Vetting, minus the pain

What's up with vetting political appointees?

A friend of mine was recently considered for a political appointment in the Bush administration. As we discussed the prospects—he ultimately decided not to take the job for personal reasons—a lengthy discussion of the appointment process ensued. We concluded that there is no legitimate reason for it to be so cumbersome, bureaucratic and painful.

As a political appointee in the Clinton administration, I could not believe just how dumb this process was—especially given that administration's goal of creating a government that works better and costs less.

My fundamental question is: What's up with vetting political appointees? By the end of this year, the Bush administration will have succeeded in filling most of the more than 2,500 political appointments. Most of the appointees will have endured a time-consuming, paperwork-intensive marathon that would frustrate even the most dedicated public servant.

Few will complain about the process because appointees don't want to be perceived as whiners. That could be detrimental to their careers.

The administration should do something. It is understandable that White House officials haven't until now focused on the vetting process. The administration's officials have relied on others who have been there before to walk them through the cycle. But it has become an impediment to implementing the administration's agenda.

Administration officials should commission—and fund—the General Services Administration to create a Web-based process for vetting political employees. It would look something like this: White House staff would have a secure Web site requiring public-key infrastructure authentication to obtain access. Only people being vetted and those reviewing the paperwork could have access.

Potential appointees would enter their Social Security numbers and give permission to search all databases to obtain relevant information regarding finances, property, tax and court records. This raw data would be kept in a single electronic file.

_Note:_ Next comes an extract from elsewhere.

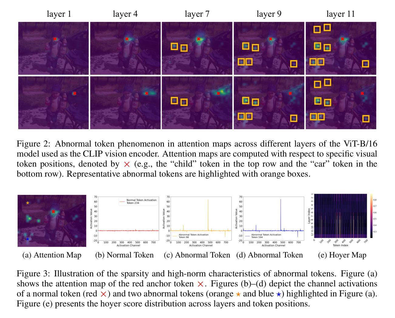 - 研究发现:最终层主要强化图像文本对齐,但牺牲了视觉辨别能力;部分注意力头在所有数据集中始终表现出强大的视觉辨别能力;异常令牌具有稀疏且一致的激活模式。

There would also be a brief questionnaire asking appointees relevant lifestyle questions. White House staff members would then transmit the information on appointees requiring background investigations to the FBI, which would do the relevant interviews and post results to the site. Only those with a need to know could access the FBI data.

Authorized Senate committee and staff members would be granted access to information regarding the potential appointees who require confirmation. The entire process would be paperless, fast, more efficient and much less painful than the existing one.

It may be too late to develop such a process for this first round of political appointees in the Bush administration, but the changes would certainly benefit later appointees. It would also clearly demonstrate that the administration is serious about government reform.

Brubaker is president of e-government solutions at Commerce One Inc. and a former deputy chief information officer at the Defense Department.